§ ASSIGNMENT: Nothing but the lines from the start of the records below through the line that has "3.4年生が都城大弓の弓師の" should appear, each exactly as given.
(SUPPLIED RECORDS begins)
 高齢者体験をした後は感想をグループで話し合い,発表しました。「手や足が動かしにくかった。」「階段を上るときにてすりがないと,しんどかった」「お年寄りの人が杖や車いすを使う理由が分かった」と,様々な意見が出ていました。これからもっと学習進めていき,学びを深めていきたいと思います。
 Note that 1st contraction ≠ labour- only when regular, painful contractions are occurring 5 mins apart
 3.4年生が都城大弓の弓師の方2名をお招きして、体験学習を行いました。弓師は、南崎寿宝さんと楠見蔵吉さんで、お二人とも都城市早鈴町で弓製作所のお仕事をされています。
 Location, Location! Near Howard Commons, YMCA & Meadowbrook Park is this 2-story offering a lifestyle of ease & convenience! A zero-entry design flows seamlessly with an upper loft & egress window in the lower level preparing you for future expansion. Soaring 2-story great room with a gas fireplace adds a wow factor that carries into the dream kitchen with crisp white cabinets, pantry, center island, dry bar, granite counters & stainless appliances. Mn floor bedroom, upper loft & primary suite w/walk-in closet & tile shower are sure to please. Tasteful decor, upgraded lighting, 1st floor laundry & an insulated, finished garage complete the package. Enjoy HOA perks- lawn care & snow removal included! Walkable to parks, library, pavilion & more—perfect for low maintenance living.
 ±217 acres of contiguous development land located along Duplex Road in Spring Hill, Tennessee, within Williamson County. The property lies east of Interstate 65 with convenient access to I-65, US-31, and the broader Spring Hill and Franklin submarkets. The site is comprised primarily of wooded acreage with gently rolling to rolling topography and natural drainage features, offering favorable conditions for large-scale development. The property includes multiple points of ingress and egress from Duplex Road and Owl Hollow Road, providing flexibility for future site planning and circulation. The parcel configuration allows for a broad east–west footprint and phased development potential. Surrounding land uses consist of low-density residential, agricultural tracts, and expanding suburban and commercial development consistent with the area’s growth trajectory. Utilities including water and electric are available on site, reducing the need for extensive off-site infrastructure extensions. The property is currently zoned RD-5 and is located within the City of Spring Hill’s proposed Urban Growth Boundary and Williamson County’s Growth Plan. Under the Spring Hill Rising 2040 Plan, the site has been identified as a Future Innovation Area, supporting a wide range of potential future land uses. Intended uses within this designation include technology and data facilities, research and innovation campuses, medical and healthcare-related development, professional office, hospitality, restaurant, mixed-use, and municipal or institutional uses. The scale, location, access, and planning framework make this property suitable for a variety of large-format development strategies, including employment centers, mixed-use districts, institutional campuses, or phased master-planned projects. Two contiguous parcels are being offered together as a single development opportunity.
(SUPPLIED RECORDS ends)
§ THE COMPLETED TASK:
 高齢者体験をした後は感想をグループで話し合い,発表しました。「手や足が動かしにくかった。」「階段を上るときにてすりがないと,しんどかった」「お年寄りの人が杖や車いすを使う理由が分かった」と,様々な意見が出ていました。これからもっと学習進めていき,学びを深めていきたいと思います。
 Note that 1st contraction ≠ labour- only when regular, painful contractions are occurring 5 mins apart
 3.4年生が都城大弓の弓師の方2名をお招きして、体験学習を行いました。弓師は、南崎寿宝さんと楠見蔵吉さんで、お二人とも都城市早鈴町で弓製作所のお仕事をされています。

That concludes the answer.